Clinical and Immunological Remarks about TAP Deficiency

2012 
We read with interest the article by Lorente et al. (1) describing the presentation of TAP-independent antigens from vaccinia virus by TAP-deficient cells. Their findings offer a mechanistic explanation for the fact that TAP-deficient patients are not particularly susceptible to viral infections and for why adult patients often have normal CD8+ T-cell numbers (2–4).
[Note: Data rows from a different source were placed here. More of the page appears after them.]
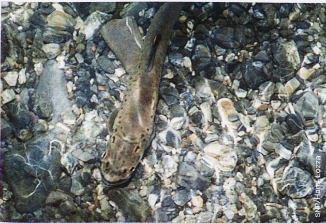
Bachforelle im Spöl

In dieser Arbeit wurde untersucht, welche Habitate Bachforellen ( Salmo trutta fario ) für ihre Reproduktion nutzen und wie man eine Modellierung ihres Laichhabitats erarbeiten könnte, sodass eine Eignungsklassifizierung der angebotenen Laichplätze eines Flussabschnittes möglich wäre. Dazu wurden 37 Bachforellenlaichgruben im Spöl empirisch untersucht. Die Laichgrubenstruktur und Mikrohabitatparameter wie Wassertiefe, Fließgeschwindigkeit über der Flusssohle und Substratgrösse wurden erhoben. Zusätzlich zu den 37 untersuchten Laichgruben wurden weitere 126 Laichplätze kartiert. Aus der Analyse der Laichgruben geht hervor, dass die Bachforellen ihre Laichgruben im Spöl am häufigsten in Wassertiefen zwischen 10 – 20 cm graben. Dabei betragen die Fließgeschwindigkeiten oft zwischen 0,2 – 0,3 m/s. Die dominante Substratkategorie in den Laichgruben ist grobkörniger Kies ( \varnothing 16 – 32 mm).
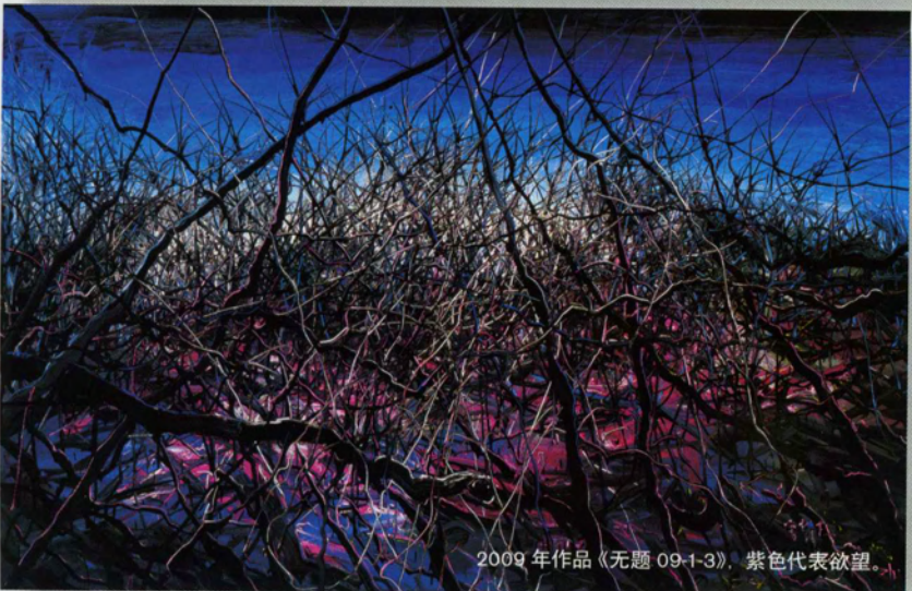
2009年作品《无题 09-1-3》, 紫色代表欲望。
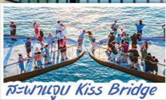
สะพานจูบ Kiss Bridge
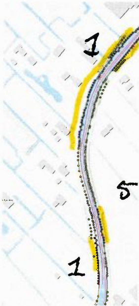
Figuur 6: kaart met paarse lijn die het beschermde element weergeeft. De gele strepen (bij de nummers 1) geeft de locatie van de te kappen bomen aan.
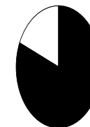
Share of global population, 2006
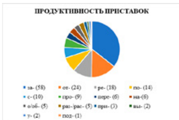
Диаг. 2.

В эмпирическом материале зафиксировано 163 приставочных глагола, образованных с помощью 14 префиксов, т. е. 18 % всех извлеченных глаголов (см. Диаг. 2). Доминирующими являются приставки: за- , от- , ре- .
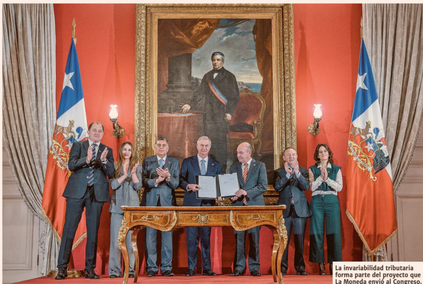
La invariabilidad tributaria forma parte del proyecto que La Moneda envió al Congreso.

riabilidad tributaria y los de derecha más a favor".
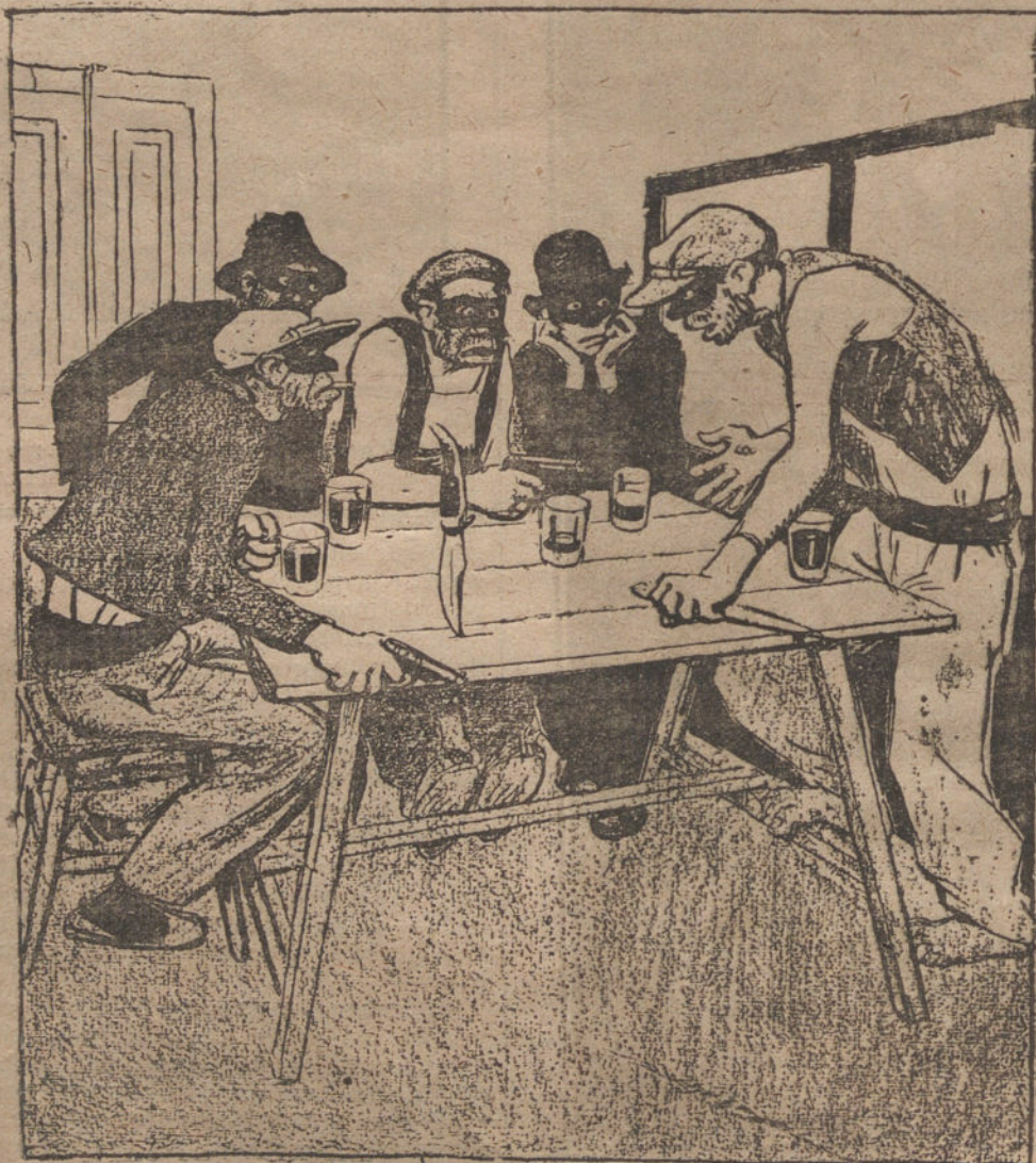
PARODIANDO EL TENORIO

LISBOA. Los ferroviarios de la Compañía portuguesa han acordado reanudar el trabajo sin condiciones. Se han restablecido todos los servicios. Radio.
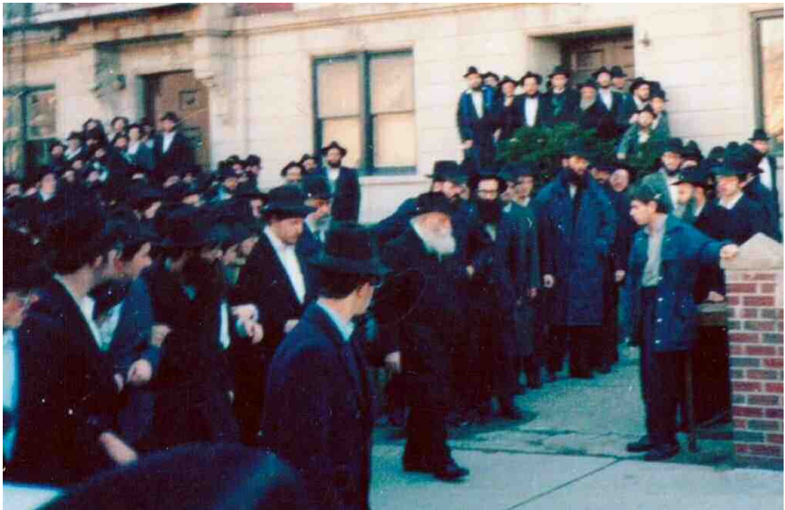
הרבי בחזרתו ל 770 מלוויה (הרבי תמיד היה יוצא אחר לוויה בכביש וחוזר דרך המדרכה כדי לחזור בדרך אחרת, כמנהג ישראל)
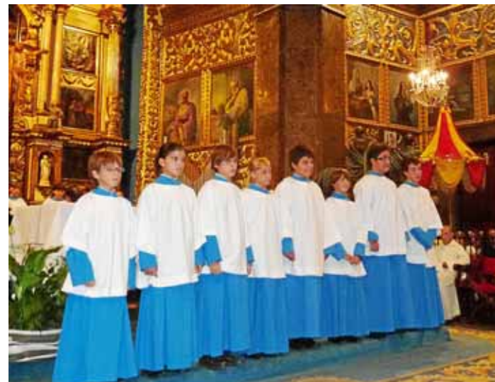
Alguns dels alumnes poden formar part del cor dels Blavets.
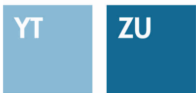
SKY BLUE AZURE BLUE
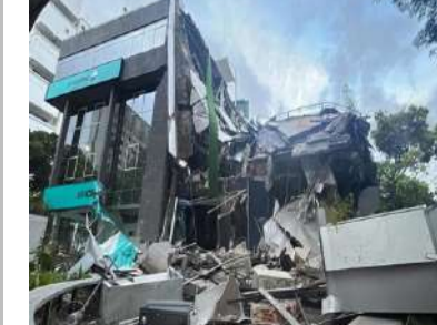
కారకాన్ (ప్రశ్న స్వూస్) వెనిజవెలా కరీబియన్ తీరప్రాంతంలో బుధవారం (జూన్ 24) సాయంత్రం సంభవించిన రెండు వరుస భారీ భూకంపాలు ఆ దేశాన్ని వణికించాయి. రాజధాని కారకాన్ సహా పలు నగరాల్లో భూమి కంపించడంతో అనేక భవనాలు కుప్పకూలాయి. భారీ ఆస్తి నష్టం సంభవించడంతో పాటు కరీబియన్ తీర ప్రాంత దేశాలు సునామీ భయంతో వణికిపోయాయి. ఇప్పటి వరకు 164 మంది
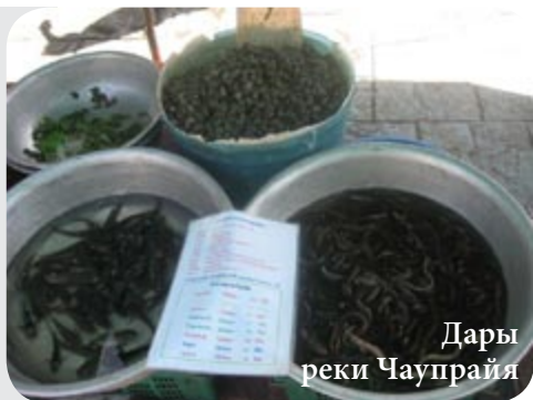
Дары реки Чаупрайя

Другие фрукты тут же нарежут, положат в пакетик и передадут вам вместе с острой деревянной палочкой (вместо вилки) и кулечком приправы, которая бывает нескольких видов. Самая острая и замысловатая – смесь перца, соли, сахара, лимонной кислоты и кориандра, который тайцы кладут буквально во все блюда.
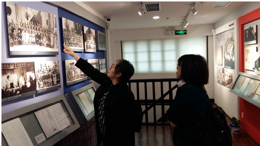
사진2: 대한민국임시정부 설립과정 사진 관람
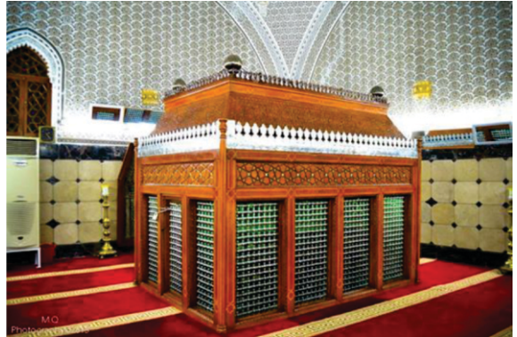
ਕੀ ਇਸ ਨੂੰ ਅਬੂ ਹਨੀਫਾ ਦੀ ਕਬਰ ਕਹਿਓ? 1508 ਈ ਵਿਚ ਪ੍ਰਸਿੱਧ ਸੁੰਨੀ ਕਠੂਨ ਸਾਜ ਅਬੂ ਹਨੀਫਾ ਦੀ ਕਬਰ ਦੀ ਸ਼ਹਿਨਸ਼ਾਹ ਇਸਮਾਈਲ ਨੇ ਰੱਜ ਕੇ ਬੇਅਬਦੀ ਕਰਵਾਈ। ਕਬਰ ਪੁੱਟੀ। ਹਨੀਫਾ ਦੀਆਂ ਅਸਤੀਆਂ ਨੂੰ ਸਾੜਿਆ ਤੇ ਉਹਦੀ ਕਬਰ ਵਾਲੀ ਥਾਂ ਤੇ ਇਕ ਕੁੱਤੇ ਨੂੰ ਦਫਨਾ ਦਿੱਤਾ। ਫਿਰ ਕਬਰ ਵਾਲੀ ਥਾਂ ਨੇ ਟੱਟੀਆਂ ਬਣਵਾ ਦਿੱਤੀਆਂ ਤੇ ਨਾਲ ਹੀ 25 ਦਿਨਾਰ ਦਾ ਇਨਾਮ ਉਸ ਬੰਦੇ ਲਈ ਰੱਖ ਦਿੱਤਾ ਕਿ ਜਿਹੜਾ ਵੀ ਇਥੇ ਟੱਟੀ ਪਿਸ਼ਾਬ ਜਾਵੇ। 1534 ਵਿਚ ਬਗਦਾਦ ਫਿਰ ਉਸਮਾਨੀਆ ਹਕੂਮਤ ਨੇ ਜਿੱਤ ਲਿਆ। ਉਹਨਾਂ ਕਬਰ ਦੁਬਾਰਾ ਬਣਵਾ ਦਿੱਤੀ। ਨਾਲੇ ਅਬੂ ਹਨੀਫਾ ਦੇ ਨਾਂ ਤੇ ਜਿਹੜੀ ਮਸੀਤ ਬਣਾਈ ਉਹ ਦੁਨੀਆਂ ਦੀਆਂ ਖੂਬਸੂਰਤ ਮਸੀਤਾਂ ਵਿੱਚੋਂ ਇਕ ਹੈ।

ਸੋ ਮੱਕੇ ਮਦੀਨੇ ਦੇ ਧਾਰਮਿਕ ਵਿਦਵਾਨਾਂ ਵਲੋਂ ਗੁਰੂ ਸਾਹਿਬ ਨੂੰ ਬਗਦਾਦ ਜਾਣ ਦੀ ਸਿਫਾਰਿਸ਼ ਕਰਨ ਪਿੱਛੇ ਉਨਾਂ ਦਾ ਆਪਣਾ ਮਤਲਬ ਵੀ ਸੀ। ਕਿਉਂਕਿ ਬਗਦਾਦ ਵਿਖੇ ਸਫਵੀ (ਸਾਫੀ) ਸਲਤਨਤ ਦਾ ਰਾਜ ਹੋ ਚੁੱਕਾ ਸੀ ਜੋ ਸੁੰਨੀ ਮੁਸਲਮਾਨ ਪ੍ਰਚਾਰਕਾਂ
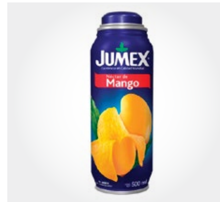
Jumex Durazno Tetrapack 473ml
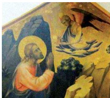
تصویر ۴، بخشی از تصویر ۲، مأخذ: همان.
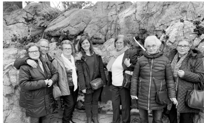
Velhos Amigos no Oceanário
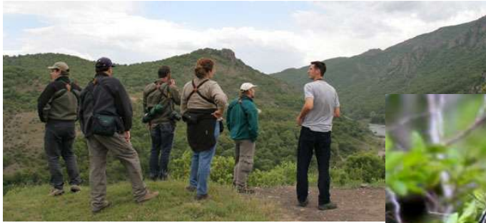
Curruca gabilana ( Sylvia nisoria )
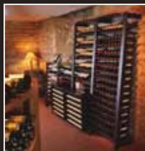
Regalsysteme und Weinkeller-Klimageräte Opbergsystemen en klimaatregelaars
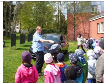
Tohle je kabel na dobíjení baterie
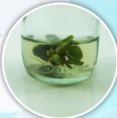
ชั่งน้ำยอด
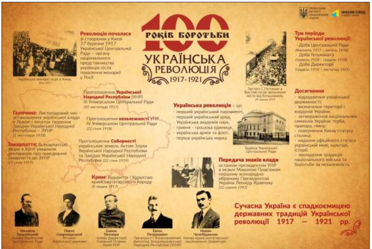
Рис. 1.5. Як творилася держава. Українська революція 1917-1921 років [29]
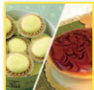
味覺系烘焙坊 業績獎勵6%現金回饋6% 特色商品推薦：水果乳酪塔、多穀糧巧酥
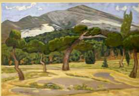
Κωνσταντίνος Μαλέας, Τοπίο Πεντέλης, Εθνική Πινακοθήκη

«Οι κάτοικοι του ελληνικού χώρου είτε το έχουν συνειδητοποιήσει είτε όχι, έχουν το προνόμιο να κάθονται,
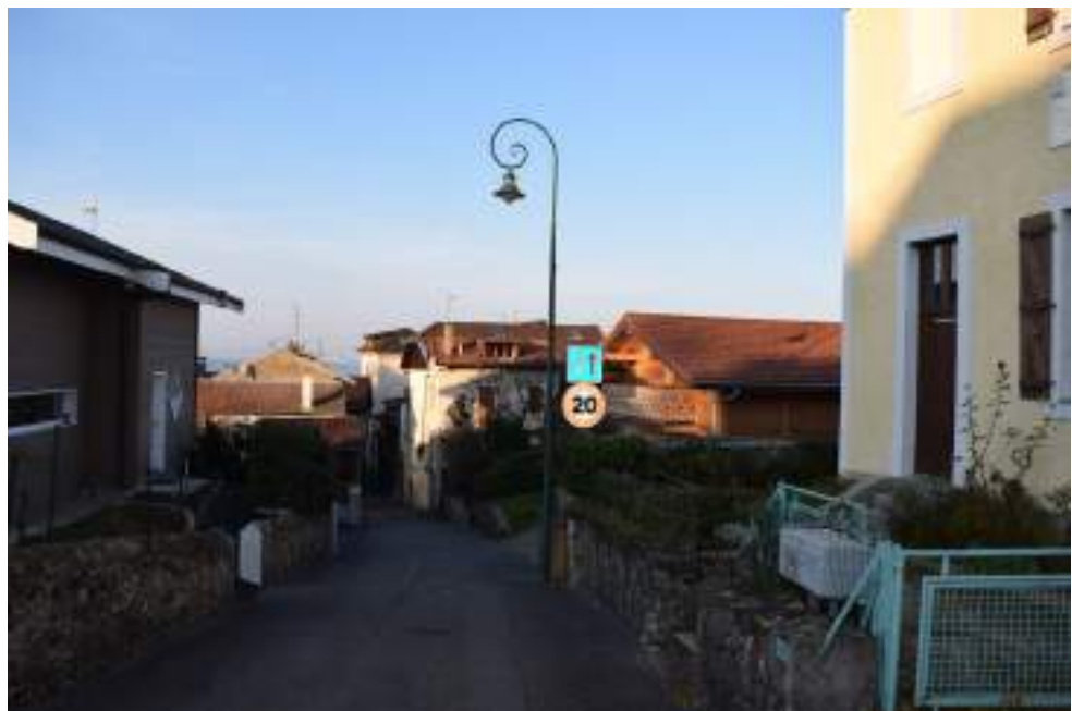
Fig. 11 - Grande-Rive.
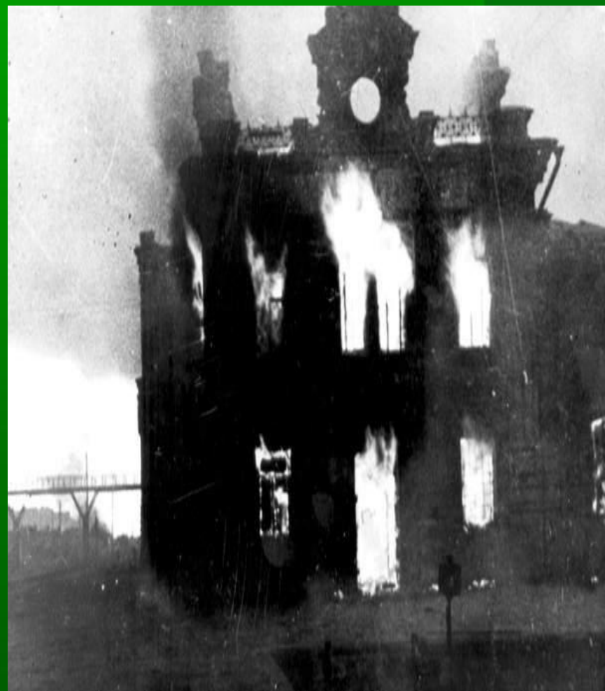
Горит Сталинградский железнодорожный вокзал
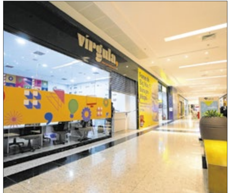
Programa visa apoiar empreendimentos inovadores
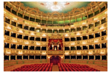
Bild 15 Seite 78 La Fenice, Venedig/Italien
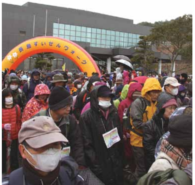
↑傘やかっぱで雨をしのぎながらのスタート
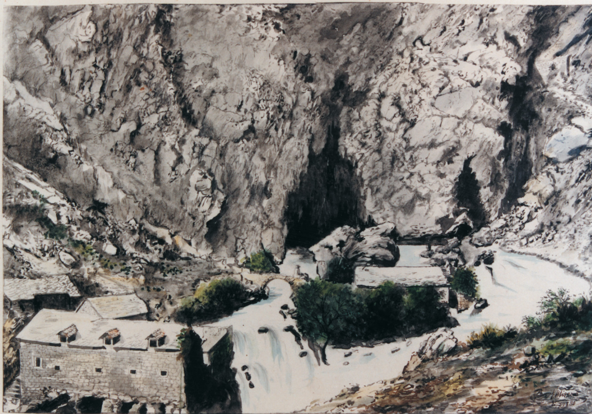
Ursprung der Salona (Bistrizza.)

podizanje mlinica i stupâ. Arhivski dokumenti spominju solinske mlinice već od srednjega vijeka, a prikazane su na raznim grafikama i kartama. 20 Stare srušene mlinice blizu izvora i nešto niže označene su već na karti Solina iz 1671. 21 i na Calergijevoj karti iz 1675. 22
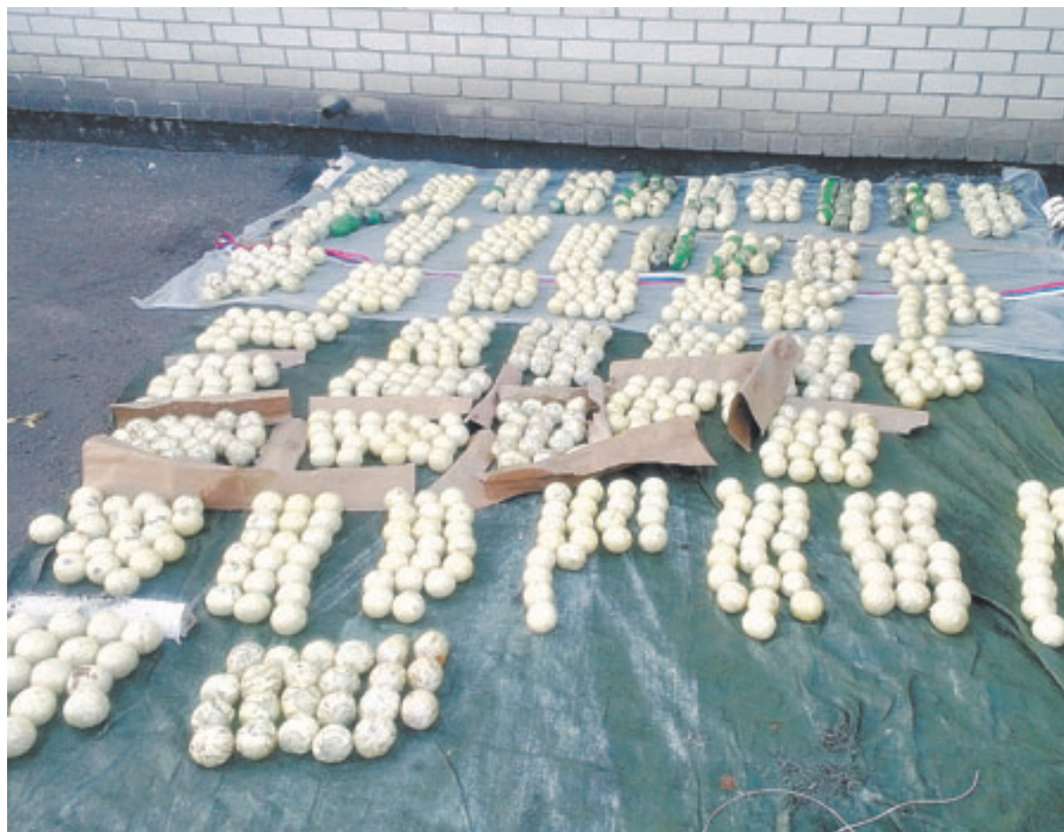
Те самые капсулы, заполненные высококачественным героином.

– Владельцем автомобиля, на котором перевозился товар, являлся гражданин Казахстана, – пояснили в УФСБ. – Машину наркодельцы взяли в аренду, двух водителей наняли. Далее машина пошла в Киргизию, где была произведена загрузка товара. На тот момент на складе находилось более 20 грузовиков. После загрузки колонна выдвинулась в Казахстан, беспрепятственно прошла по территории республики, хотя
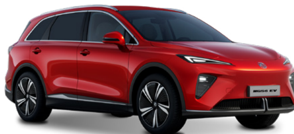
Diamond Red (RSJ) Lakier trójwarstwowy
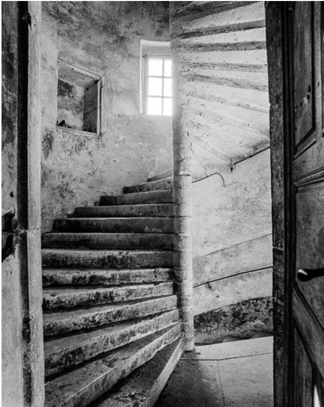
Corps de logis, l'escalier.
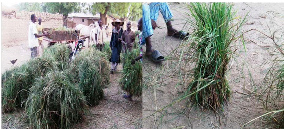
Figure 3. Gerbes et acteurs du marché de bourgou à Tin-Tin4.2.3. Institutionnalisation de l'exploitation de bourgoutière

d'eau potable dont le coût est estimé à cent mille francs (100.000 FCFA soit $ 200 US). Aussi envisagent-ils de contribuer à la création d'une école dans le village, pour faciliter la scolarisation des enfants qui doivent parcourir entre deux (02) et cinq (05) kilomètres pour rejoindre l'école la plus proche.
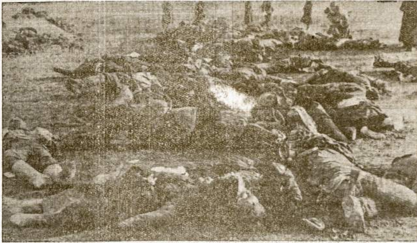
Lavonai žmonių, kuriuos naciški kanibalai sušaudė garsiojo miesto Rostovo proletariniam distrikte.

Conversely, severe viral infections might occur early in life, preparing the grounds for the usually observed recurrent bacterial infections. TAP-independent peptides might be generated during most viral infections. However, the presentation of these peptides to CD8+ T-cells to generate efficient antiviral immune responses is still likely to be dependent on the patient's HLA haplotype. Interestingly, HLA-A*02, the most common HLA class I allele in Europe, has been previously shown to present diverse TAP-independent peptides to CD8+ T-cells (5) but has not been found in the clinically immunodeficient patients. Thus, HLA-A*02 homozygous TAP-deficient people might be protected from severe clinical manifestations, thereby “escaping” diagnosis. We suggest slightly modifying the statement that “TAP-deficient patients live normal life spans with only a limited susceptibility to chronic respiratory bacterial infections.” Although we agree that this is possible, patients often suffer from widespread bronchiectasis and respiratory insufficiency. Many develop mutilating granulomatous skin ulcers in the mid-face and on the extremities (2–4). Importantly, treatment with immunosuppressive drugs leads to progression of bronchiectasis, respiratory failure, and complications such as brain abscesses. A question arising is whether TAP plays a role in the presentation of bacterial antigens. Future studies might examine the efficiency of this pathway in TAP-deficient patients.